═══ Data segment

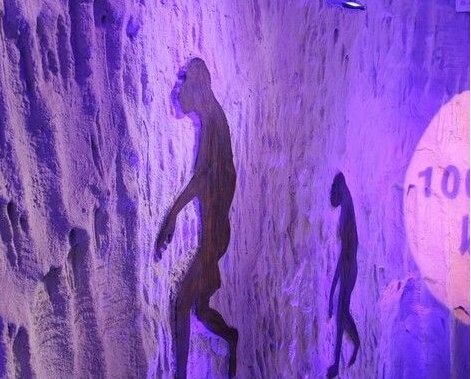 于是老板突發(fā)靈感想出了這個店名,嘿嘿,介個是看湖南衛(wèi)視采訪他家老板親口說滴,立馬就過來探了店面外觀看著猶如洞穴,入口昏暗,趕腳挺神秘滴,墻壁上有許多原始人影像,彷佛搭乘機器貓的時光穿梭機來到了原始社會,沿樓梯小心前行,猿人也漸漸站立起來,述說著人類進化過程……外圍環(huán)境很有氣勢!
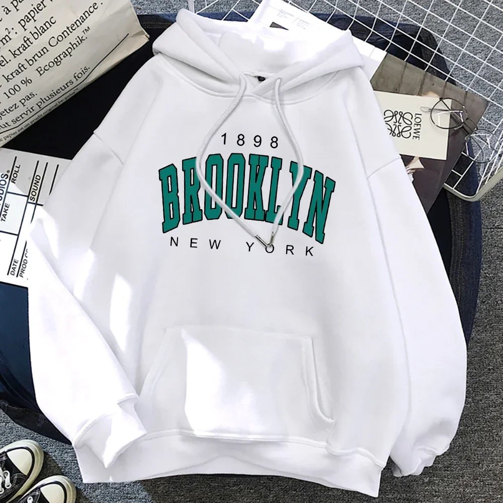 New 1898 Brooklyn York Printed Women Hoodies Fleece Hoody Creativity Pullover Clothing Street Loose Sweatshirts Women’S
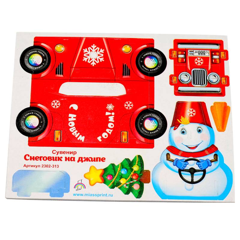 Объемный пазл Снеговик на джипе
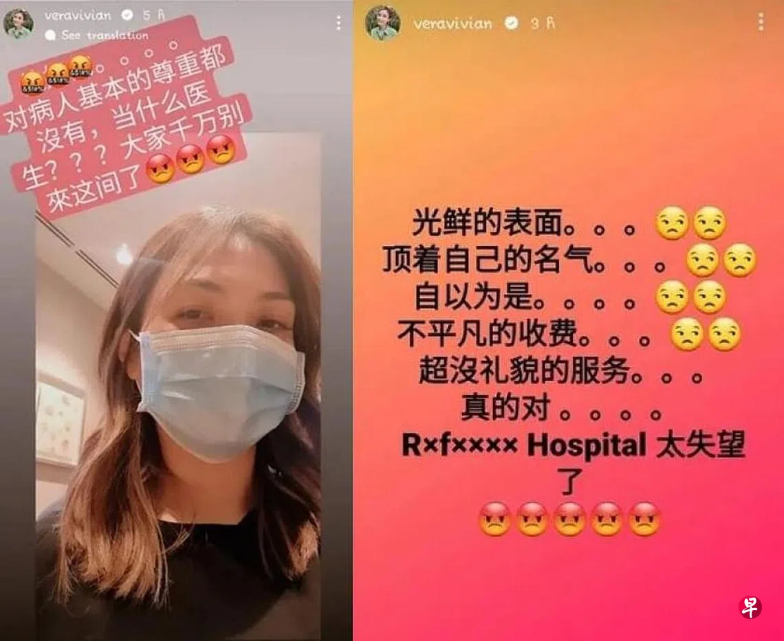 艺人赖怡伶日前到本地医院问诊,但她似乎相当不满意医院的服务素质,在星期五(3月17日)连发两条限时动态批评院方,表达不满。

══════

Reproduce, word for word, everything in the listing above except the pictures.

 于是老板突發(fā)靈感想出了這個店名,嘿嘿,介個是看湖南衛(wèi)視采訪他家老板親口說滴,立馬就過來探了店面外觀看著猶如洞穴,入口昏暗,趕腳挺神秘滴,墻壁上有許多原始人影像,彷佛搭乘機器貓的時光穿梭機來到了原始社會,沿樓梯小心前行,猿人也漸漸站立起來,述說著人類進化過程……外圍環(huán)境很有氣勢!
 New 1898 Brooklyn York Printed Women Hoodies Fleece Hoody Creativity Pullover Clothing Street Loose Sweatshirts Women’S
 Объемный пазл Снеговик на джипе
 艺人赖怡伶日前到本地医院问诊,但她似乎相当不满意医院的服务素质,在星期五(3月17日)连发两条限时动态批评院方,表达不满。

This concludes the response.